» What is needed
In the data below, find the line with "Su más reciente éxito." and the line with "စစ်တွေ နိုဝင်ဘာ ၁၅", then restate both and every line between them exactly, minus the pictures.

Record excerpts START

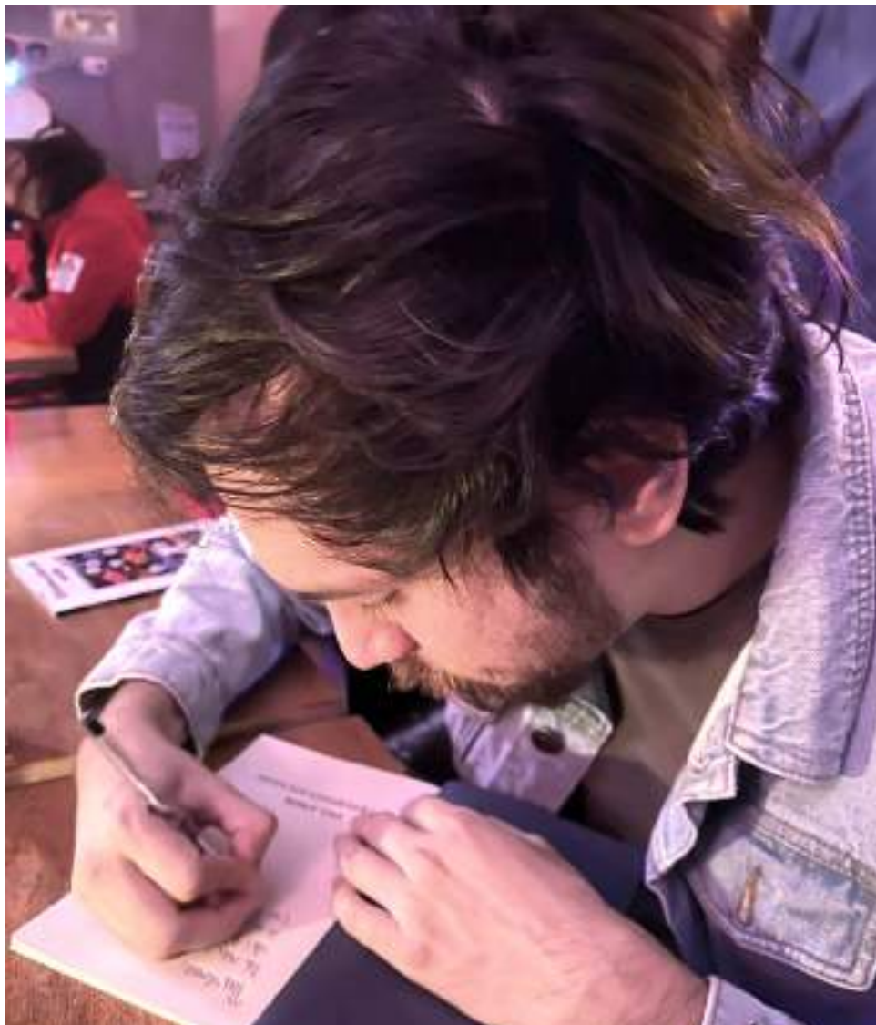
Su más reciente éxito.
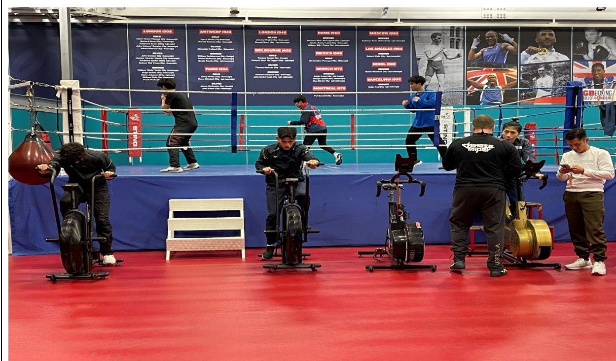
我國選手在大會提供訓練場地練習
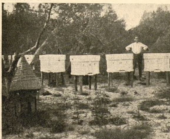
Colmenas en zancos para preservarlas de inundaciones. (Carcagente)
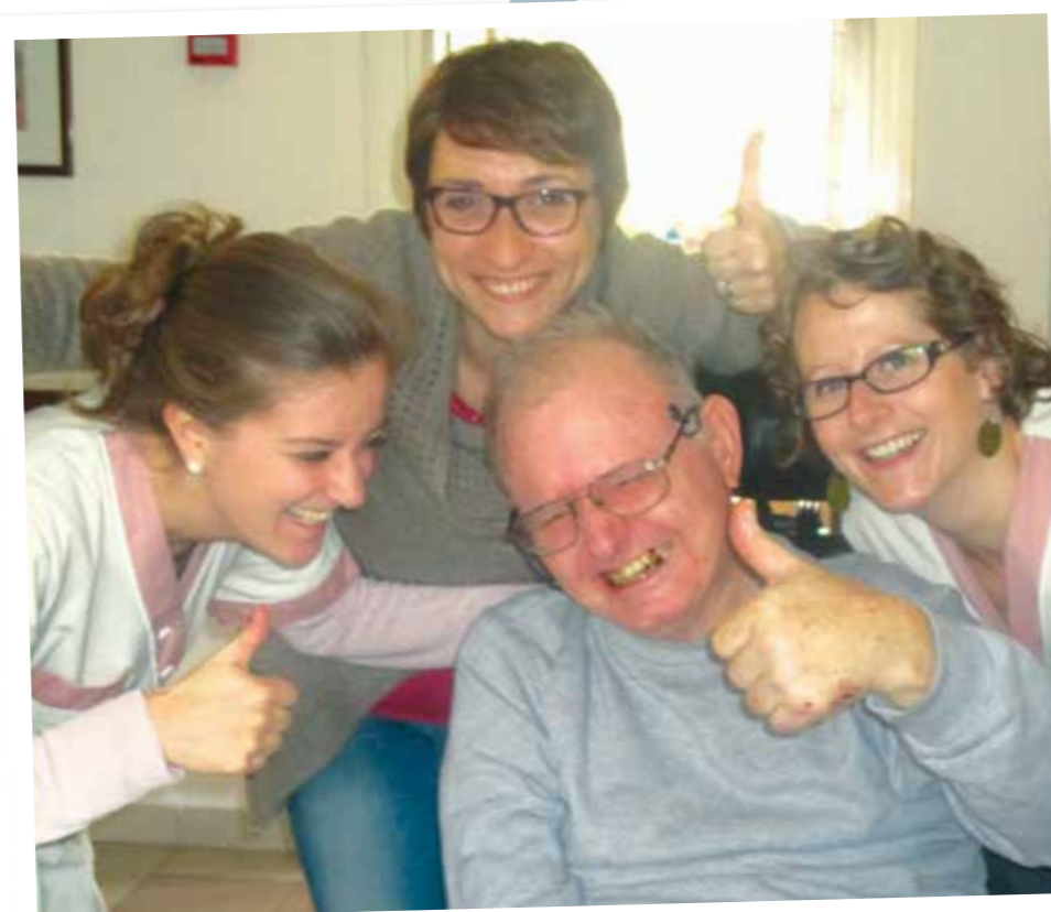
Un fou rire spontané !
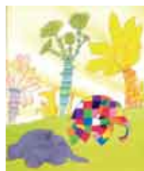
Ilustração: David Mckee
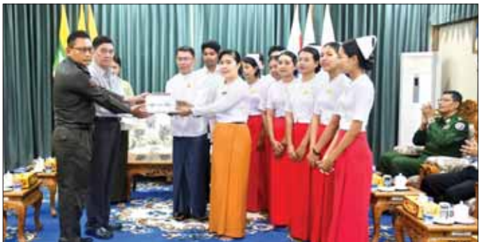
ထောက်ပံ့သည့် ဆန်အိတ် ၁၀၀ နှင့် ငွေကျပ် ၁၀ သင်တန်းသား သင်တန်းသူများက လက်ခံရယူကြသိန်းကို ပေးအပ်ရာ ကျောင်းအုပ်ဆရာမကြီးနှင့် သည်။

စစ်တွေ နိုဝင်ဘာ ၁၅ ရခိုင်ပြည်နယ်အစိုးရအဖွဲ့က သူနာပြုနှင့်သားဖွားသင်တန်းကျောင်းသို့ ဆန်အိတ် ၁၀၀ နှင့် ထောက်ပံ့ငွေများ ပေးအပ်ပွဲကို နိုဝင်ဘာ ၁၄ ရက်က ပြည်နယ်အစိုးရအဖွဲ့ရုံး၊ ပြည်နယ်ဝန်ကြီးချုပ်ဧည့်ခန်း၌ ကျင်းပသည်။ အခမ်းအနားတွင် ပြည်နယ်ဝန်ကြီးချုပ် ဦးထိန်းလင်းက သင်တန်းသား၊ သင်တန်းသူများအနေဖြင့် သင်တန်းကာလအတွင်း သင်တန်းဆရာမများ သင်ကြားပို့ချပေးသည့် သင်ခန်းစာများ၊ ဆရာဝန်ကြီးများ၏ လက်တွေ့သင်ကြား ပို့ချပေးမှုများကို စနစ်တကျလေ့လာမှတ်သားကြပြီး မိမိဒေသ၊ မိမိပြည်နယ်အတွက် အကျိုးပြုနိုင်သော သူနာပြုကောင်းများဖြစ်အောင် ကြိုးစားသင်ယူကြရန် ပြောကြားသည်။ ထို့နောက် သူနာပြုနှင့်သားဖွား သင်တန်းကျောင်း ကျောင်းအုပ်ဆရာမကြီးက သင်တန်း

Record excerpts END
Record excerpts START

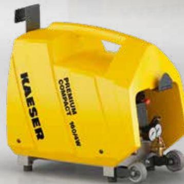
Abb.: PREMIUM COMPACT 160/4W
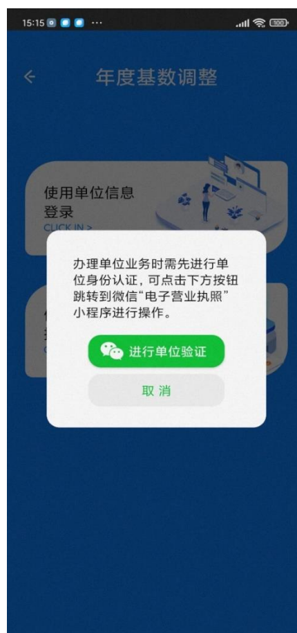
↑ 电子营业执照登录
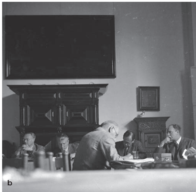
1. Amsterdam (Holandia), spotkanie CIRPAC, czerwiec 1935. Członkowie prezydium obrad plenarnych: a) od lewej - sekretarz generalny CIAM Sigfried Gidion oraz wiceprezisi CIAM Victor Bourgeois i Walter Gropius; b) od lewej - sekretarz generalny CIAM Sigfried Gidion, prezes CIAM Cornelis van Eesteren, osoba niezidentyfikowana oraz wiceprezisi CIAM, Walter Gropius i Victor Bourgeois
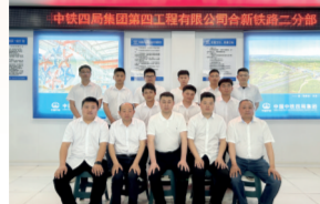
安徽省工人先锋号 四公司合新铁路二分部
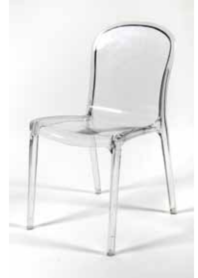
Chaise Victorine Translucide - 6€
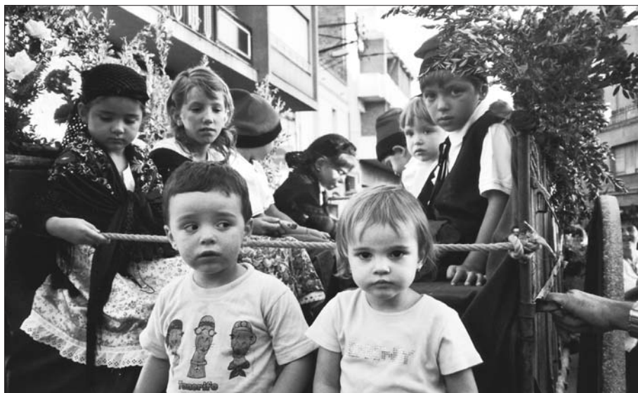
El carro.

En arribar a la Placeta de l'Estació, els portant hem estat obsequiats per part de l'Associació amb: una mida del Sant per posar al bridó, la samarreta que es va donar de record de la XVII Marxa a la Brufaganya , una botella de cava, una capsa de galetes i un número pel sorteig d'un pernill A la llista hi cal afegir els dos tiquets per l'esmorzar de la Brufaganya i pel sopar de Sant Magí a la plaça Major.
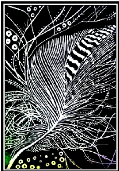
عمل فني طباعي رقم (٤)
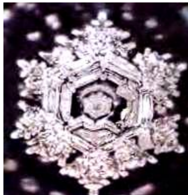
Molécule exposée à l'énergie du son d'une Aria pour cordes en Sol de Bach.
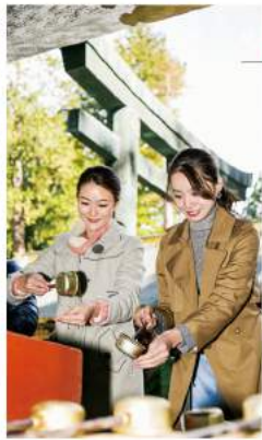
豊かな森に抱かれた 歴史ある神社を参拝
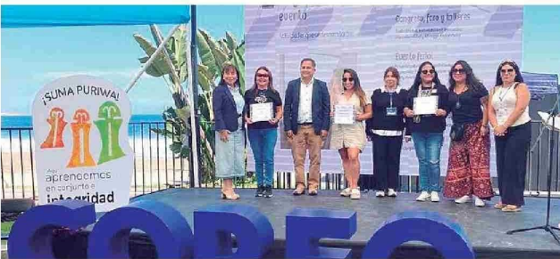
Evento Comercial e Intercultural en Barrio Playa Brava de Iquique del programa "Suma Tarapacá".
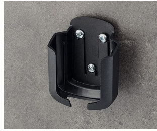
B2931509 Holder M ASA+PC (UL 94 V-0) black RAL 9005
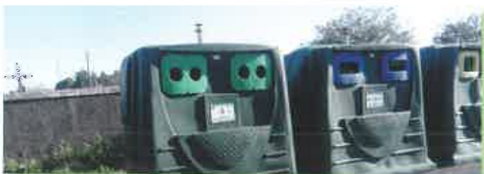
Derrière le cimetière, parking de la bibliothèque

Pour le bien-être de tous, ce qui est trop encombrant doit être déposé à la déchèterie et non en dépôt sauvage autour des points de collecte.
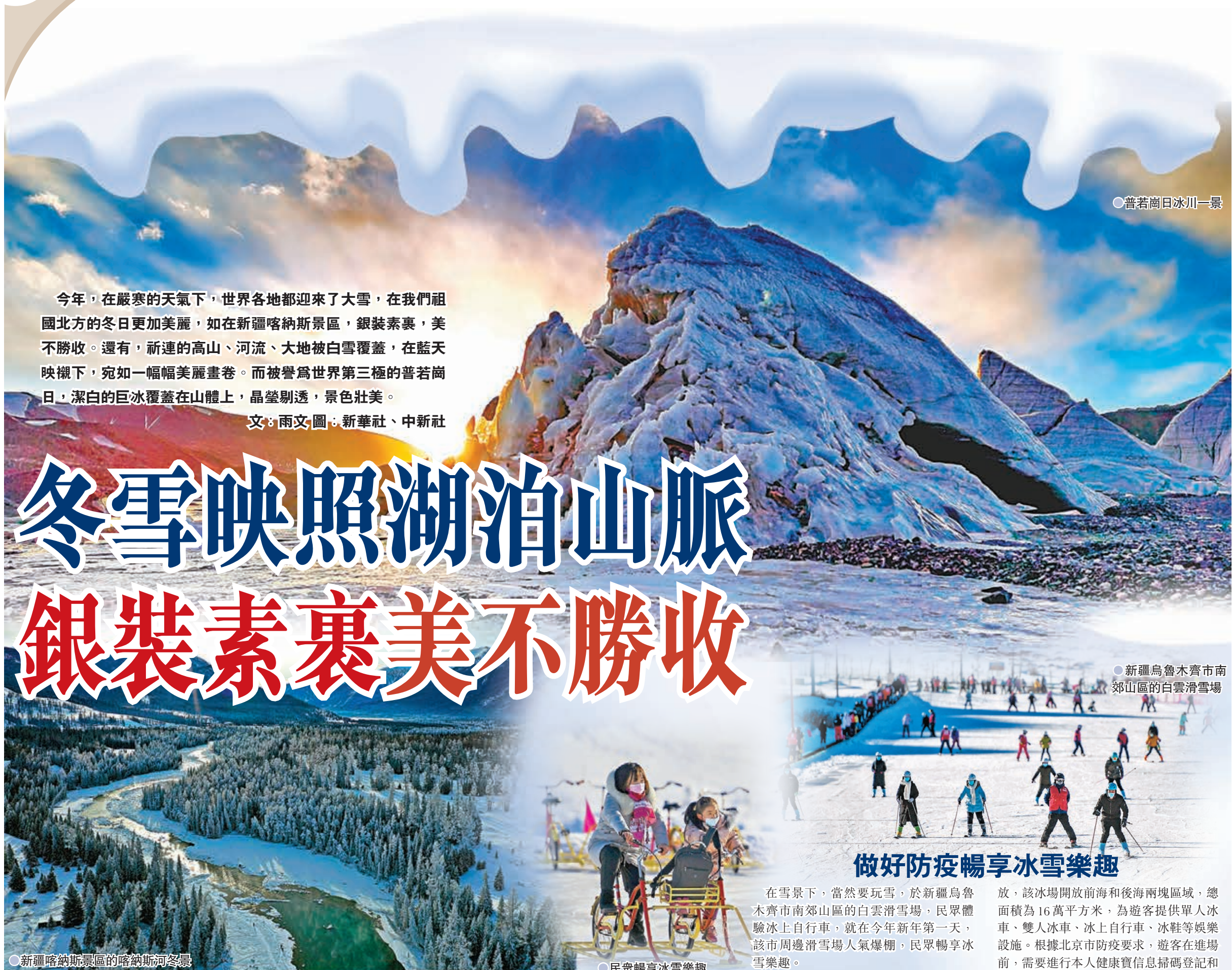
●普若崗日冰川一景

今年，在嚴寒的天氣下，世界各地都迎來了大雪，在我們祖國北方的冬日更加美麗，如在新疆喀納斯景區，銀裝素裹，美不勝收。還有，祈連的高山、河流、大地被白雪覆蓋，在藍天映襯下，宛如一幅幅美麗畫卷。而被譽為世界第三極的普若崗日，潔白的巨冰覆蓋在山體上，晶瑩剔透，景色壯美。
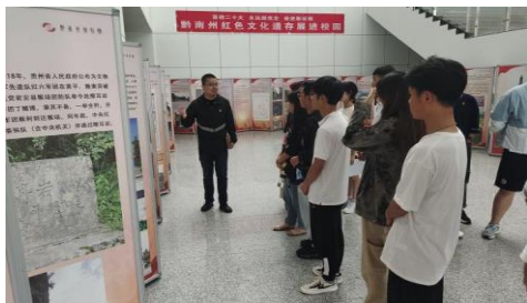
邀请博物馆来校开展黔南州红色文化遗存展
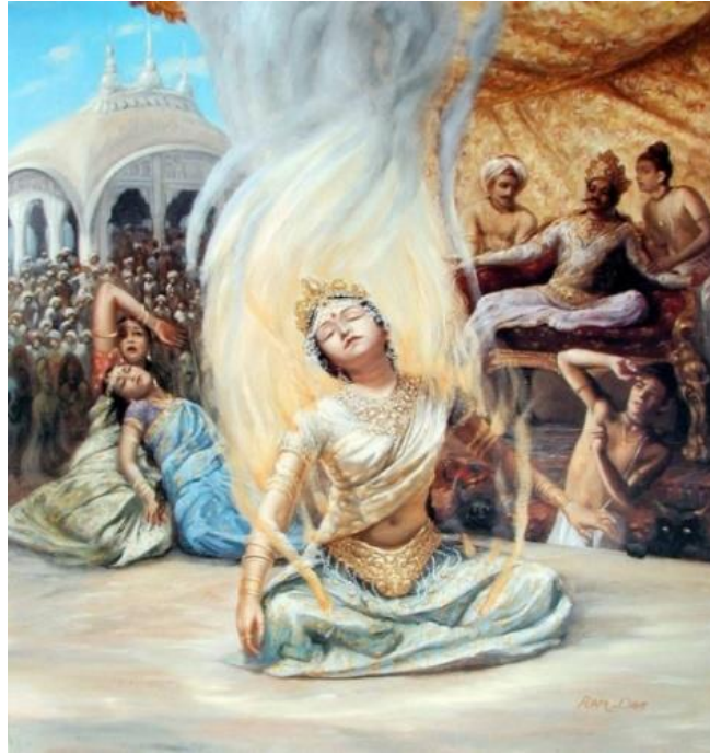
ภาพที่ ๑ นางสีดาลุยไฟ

Record excerpts END

» Your response
Su más reciente éxito.
我國選手在大會提供訓練場地練習
Colmenas en zancos para preservarlas de inundaciones. (Carcagente)
Un fou rire spontané !
Ilustração: David Mckee
ထောက်ပံ့သည့် ဆန်အိတ် ၁၀၀ နှင့် ငွေကျပ် ၁၀ သင်တန်းသား သင်တန်းသူများက လက်ခံရယူကြသိန်းကို ပေးအပ်ရာ ကျောင်းအုပ်ဆရာမကြီးနှင့် သည်။

စစ်တွေ နိုဝင်ဘာ ၁၅ ရခိုင်ပြည်နယ်အစိုးရအဖွဲ့က သူနာပြုနှင့်သားဖွားသင်တန်းကျောင်းသို့ ဆန်အိတ် ၁၀၀ နှင့် ထောက်ပံ့ငွေများ ပေးအပ်ပွဲကို နိုဝင်ဘာ ၁၄ ရက်က ပြည်နယ်အစိုးရအဖွဲ့ရုံး၊ ပြည်နယ်ဝန်ကြီးချုပ်ဧည့်ခန်း၌ ကျင်းပသည်။ အခမ်းအနားတွင် ပြည်နယ်ဝန်ကြီးချုပ် ဦးထိန်းလင်းက သင်တန်းသား၊ သင်တန်းသူများအနေဖြင့် သင်တန်းကာလအတွင်း သင်တန်းဆရာမများ သင်ကြားပို့ချပေးသည့် သင်ခန်းစာများ၊ ဆရာဝန်ကြီးများ၏ လက်တွေ့သင်ကြား ပို့ချပေးမှုများကို စနစ်တကျလေ့လာမှတ်သားကြပြီး မိမိဒေသ၊ မိမိပြည်နယ်အတွက် အကျိုးပြုနိုင်သော သူနာပြုကောင်းများဖြစ်အောင် ကြိုးစားသင်ယူကြရန် ပြောကြားသည်။ ထို့နောက် သူနာပြုနှင့်သားဖွား သင်တန်းကျောင်း ကျောင်းအုပ်ဆရာမကြီးက သင်တန်း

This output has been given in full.